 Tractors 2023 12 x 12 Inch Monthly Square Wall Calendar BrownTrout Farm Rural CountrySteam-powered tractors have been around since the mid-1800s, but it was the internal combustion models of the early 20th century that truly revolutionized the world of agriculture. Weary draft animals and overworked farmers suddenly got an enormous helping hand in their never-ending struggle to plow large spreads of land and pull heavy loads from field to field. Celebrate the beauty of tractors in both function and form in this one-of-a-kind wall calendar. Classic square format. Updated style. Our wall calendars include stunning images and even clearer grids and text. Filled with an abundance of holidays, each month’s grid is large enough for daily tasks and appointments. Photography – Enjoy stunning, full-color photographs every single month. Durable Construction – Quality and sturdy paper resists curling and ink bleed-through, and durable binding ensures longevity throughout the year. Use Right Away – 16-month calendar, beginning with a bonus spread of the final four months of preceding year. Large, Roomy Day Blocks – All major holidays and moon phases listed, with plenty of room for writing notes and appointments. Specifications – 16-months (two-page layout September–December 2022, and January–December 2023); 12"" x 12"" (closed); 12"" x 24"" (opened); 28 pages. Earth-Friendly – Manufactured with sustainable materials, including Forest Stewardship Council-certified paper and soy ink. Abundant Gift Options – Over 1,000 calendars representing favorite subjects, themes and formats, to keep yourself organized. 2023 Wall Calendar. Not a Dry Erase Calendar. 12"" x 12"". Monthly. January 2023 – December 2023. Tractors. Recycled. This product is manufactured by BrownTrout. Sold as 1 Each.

--

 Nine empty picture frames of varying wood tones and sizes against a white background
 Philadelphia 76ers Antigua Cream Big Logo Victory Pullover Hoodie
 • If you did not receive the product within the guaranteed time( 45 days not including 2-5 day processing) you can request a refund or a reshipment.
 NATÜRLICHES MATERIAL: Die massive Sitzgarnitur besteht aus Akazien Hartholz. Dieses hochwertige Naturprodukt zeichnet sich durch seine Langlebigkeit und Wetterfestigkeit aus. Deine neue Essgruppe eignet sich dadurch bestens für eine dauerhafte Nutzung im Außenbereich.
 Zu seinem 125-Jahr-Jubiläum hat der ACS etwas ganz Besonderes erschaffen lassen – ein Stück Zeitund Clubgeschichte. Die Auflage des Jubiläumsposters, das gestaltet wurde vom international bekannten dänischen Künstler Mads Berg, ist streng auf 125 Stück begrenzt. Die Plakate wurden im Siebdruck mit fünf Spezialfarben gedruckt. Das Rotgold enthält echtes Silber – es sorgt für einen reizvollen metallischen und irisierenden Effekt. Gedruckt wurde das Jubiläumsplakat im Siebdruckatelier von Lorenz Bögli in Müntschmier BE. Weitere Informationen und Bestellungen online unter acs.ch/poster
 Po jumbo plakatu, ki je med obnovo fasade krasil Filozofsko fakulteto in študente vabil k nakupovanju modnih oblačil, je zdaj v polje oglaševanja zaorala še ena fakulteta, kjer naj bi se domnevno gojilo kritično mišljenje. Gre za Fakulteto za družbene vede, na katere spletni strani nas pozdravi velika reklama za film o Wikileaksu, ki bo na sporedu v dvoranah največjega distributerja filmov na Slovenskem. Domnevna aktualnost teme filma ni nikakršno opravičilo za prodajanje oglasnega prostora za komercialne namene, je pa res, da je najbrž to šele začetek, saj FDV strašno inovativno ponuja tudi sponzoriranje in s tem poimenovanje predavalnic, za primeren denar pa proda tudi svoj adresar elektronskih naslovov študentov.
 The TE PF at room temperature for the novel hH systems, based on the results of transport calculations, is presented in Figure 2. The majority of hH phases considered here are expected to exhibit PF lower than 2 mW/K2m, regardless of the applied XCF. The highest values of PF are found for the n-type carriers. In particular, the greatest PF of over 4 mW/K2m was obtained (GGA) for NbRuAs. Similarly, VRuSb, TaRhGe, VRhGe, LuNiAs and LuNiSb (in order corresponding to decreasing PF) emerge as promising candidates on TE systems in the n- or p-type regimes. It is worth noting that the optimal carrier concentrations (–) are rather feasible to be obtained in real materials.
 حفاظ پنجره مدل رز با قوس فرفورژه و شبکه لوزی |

▸ To do:
Of the entries listed above, reproduce only the lines starting at the line containing "The TE PF at" and ending at the line containing "حفاظ پنجره مدل". Include both, exactly as they stand.

▸ Exercise response:
 The TE PF at room temperature for the novel hH systems, based on the results of transport calculations, is presented in Figure 2. The majority of hH phases considered here are expected to exhibit PF lower than 2 mW/K2m, regardless of the applied XCF. The highest values of PF are found for the n-type carriers. In particular, the greatest PF of over 4 mW/K2m was obtained (GGA) for NbRuAs. Similarly, VRuSb, TaRhGe, VRhGe, LuNiAs and LuNiSb (in order corresponding to decreasing PF) emerge as promising candidates on TE systems in the n- or p-type regimes. It is worth noting that the optimal carrier concentrations (–) are rather feasible to be obtained in real materials.
 حفاظ پنجره مدل رز با قوس فرفورژه و شبکه لوزی |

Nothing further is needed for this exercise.